> WORK TASK
No pictures go in the copy; retype exactly the lines from the one with "Protein expression was" through the last line of the records.

Records excerpted from a collection:
+++

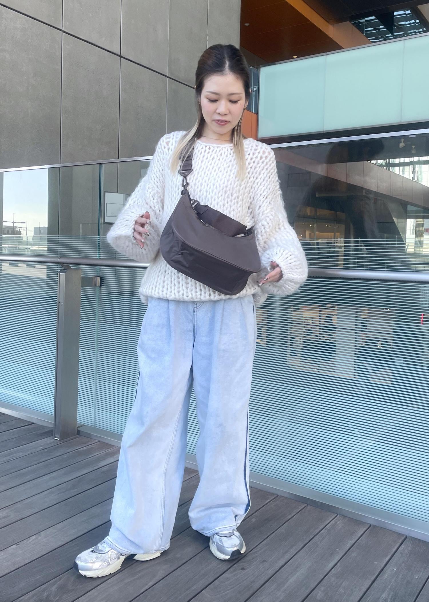 ジムやヨガで着られるアイテムもこうして、私服のアクセントとして着られるのでおすすめです!
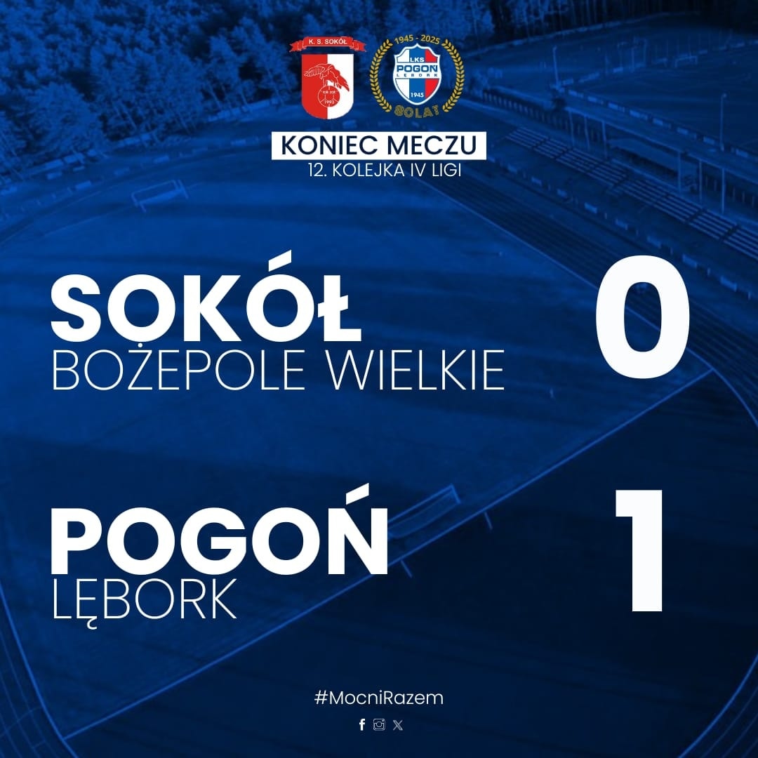 Piłkarze Pogoni Lębork wygrali w sobotę, 18 października, na wyjeździe z Sokołem Bożepole Wielkie 1:0 w meczu 12. kolejki rundy jesiennej IV ligi sezonu 2025/2026. To szóste zwycięstwo lęborczan w tym sezonie.
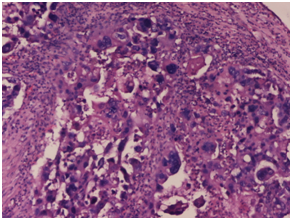 Figure 2 On microscopy, sheets or whorls of tumor cells was seen with cellular and nuclear pleomorphism, hyper chromatic nucleus and high N/C ratio with prominent nucleoli and moderate amount of eosinophilic cytoplasm. Haematoxylin and Eosin x 40X.
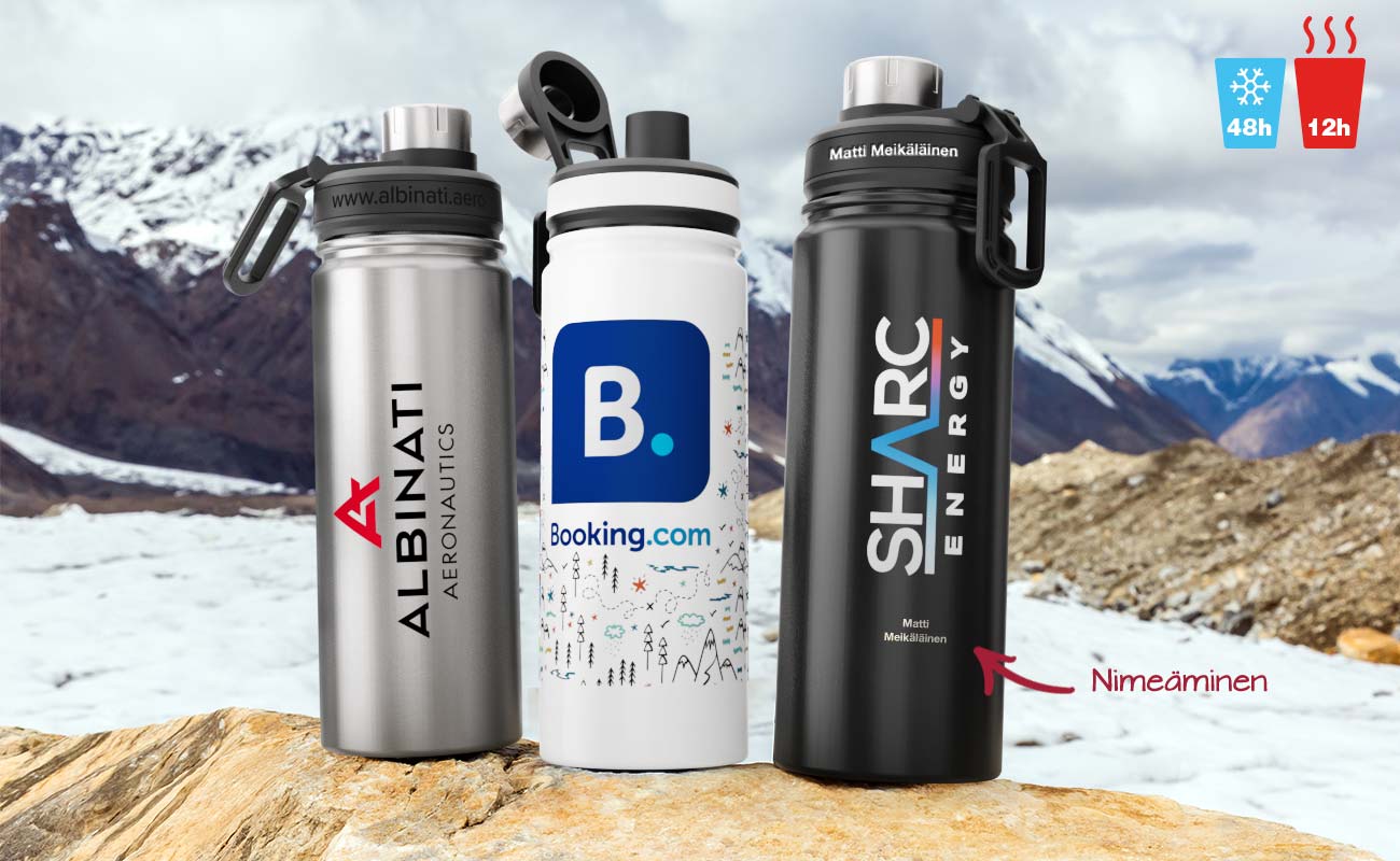 Voimme brändätä juomatarvikkeesi upealla grafiikalla, koko tuotteen ympärille. Lopputulos on erittäin eloisa ja silmiinpistävä promotuote joka säilyy käytössä päivittäin, antaen brändillesi laajan näkyvyyden.
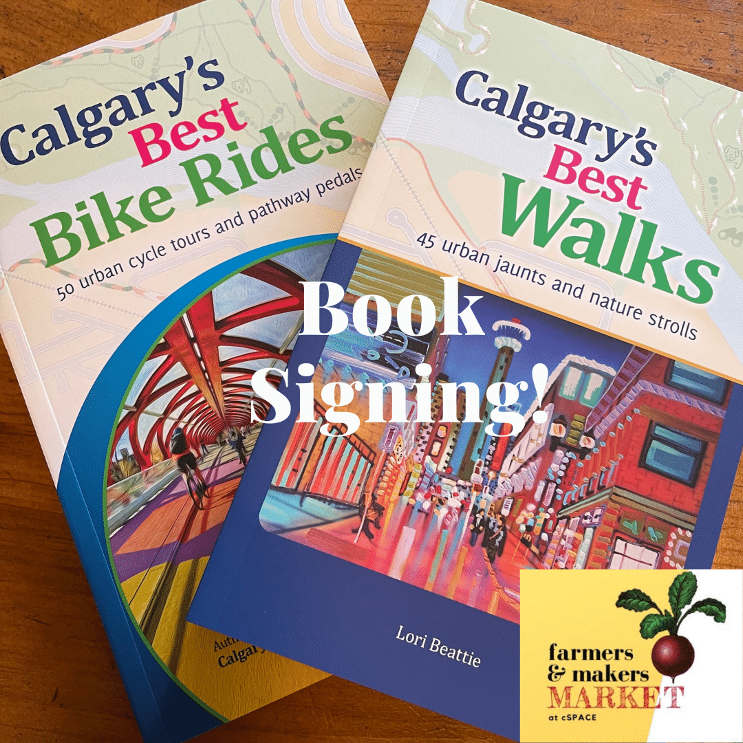 Swing by the Farmers & Makers Market at CSpace in Marda Loop to meet Lori and get your signed copy* of both of her books, Calgary’s Best Walks and her brand new book, Calgary’s Best Bike Rides! Buy a set of Lori’s books and save 10%!
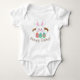 Denna berömvärda One-Biet Bodykostym har en flytande vit Påskhare som söker sig ut från en kanin hål för att hitta tre Påskägg med ljusa färgader. Hans budskap "Glad påsk" kan vara personlig med ett barns namn eller ert eget budskap.
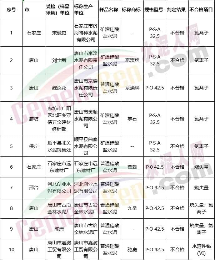 河北省河北省市場(chǎng)監(jiān)督管理局發(fā)布通報(bào)稱(chēng),抽查水泥、建筑防水卷材等21類(lèi)產(chǎn)品共檢出不合格樣品188批次,不合格樣品檢出率為8.6%,其中水泥產(chǎn)品10個(gè)批次不合格,不合格項(xiàng)目涉及氯離子、燒失量以及水溶性鉻(Ⅵ)。
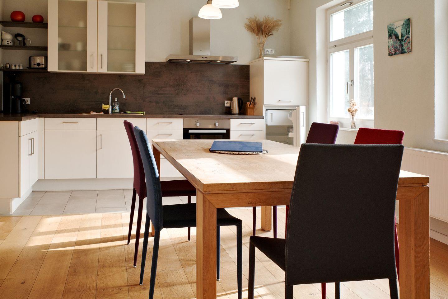- 3 voll ausgestattete Wohnküchen, darunter eine mit großem Esstisch für bis zu 12 Personen
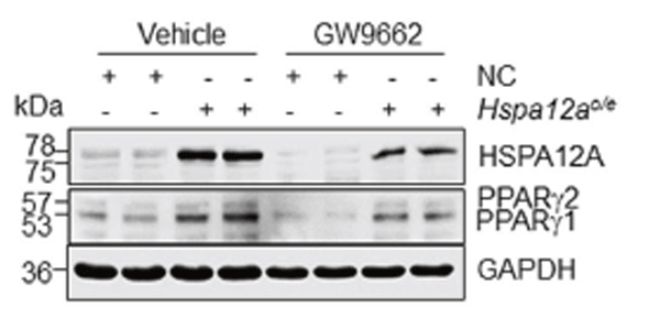 Protein expression was examined using immunoblotting with or without the treatment of GW9662.
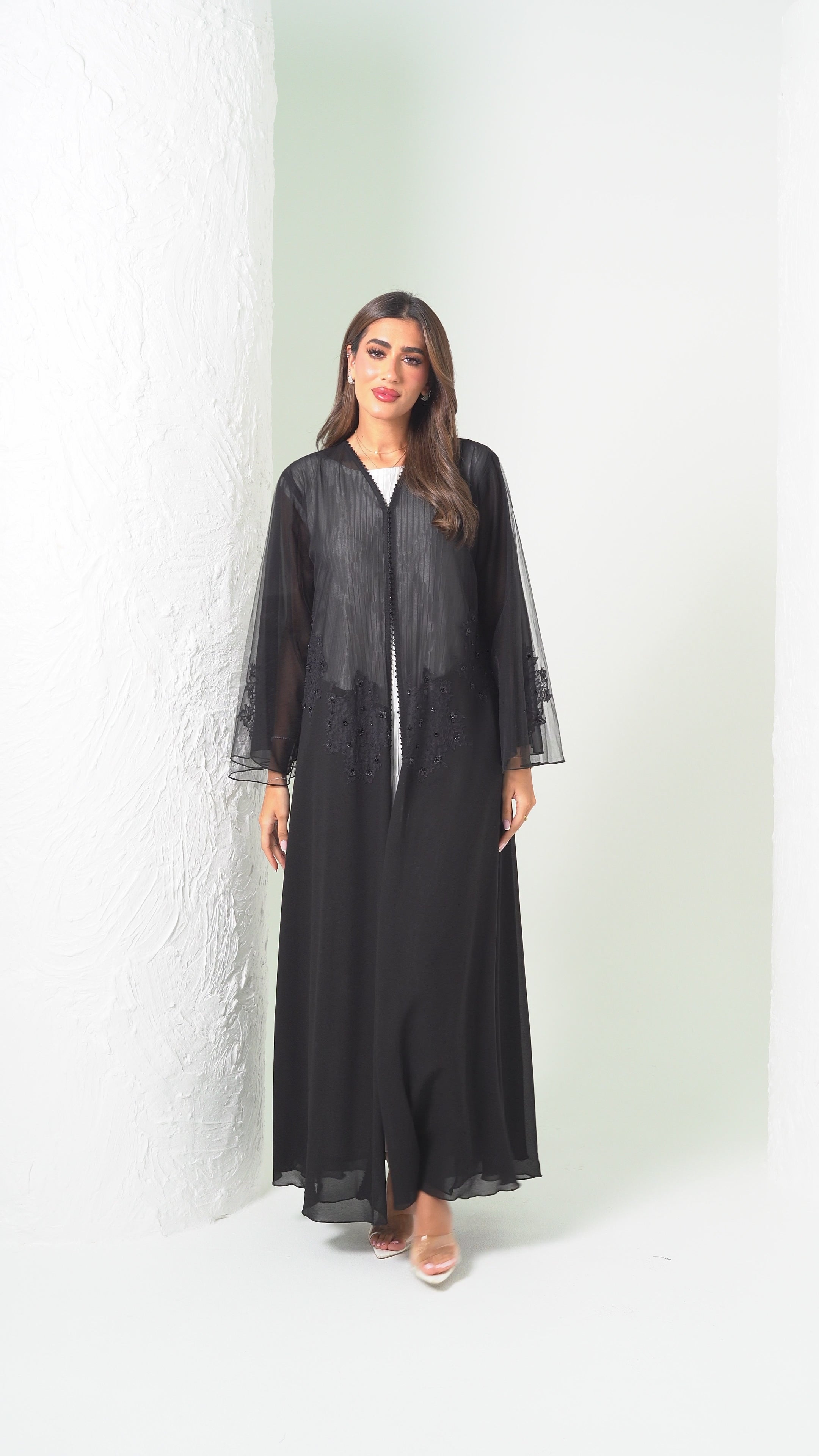 Introducing our stunning  Designer collection abaya, exquisitely designed with a touch of elegance. The abaya features a sleek finish with premium francy Dantil and beads handwork . Sheila  included.

+++

> FINISHED TASK
 Protein expression was examined using immunoblotting with or without the treatment of GW9662.
 Introducing our stunning  Designer collection abaya, exquisitely designed with a touch of elegance. The abaya features a sleek finish with premium francy Dantil and beads handwork . Sheila  included.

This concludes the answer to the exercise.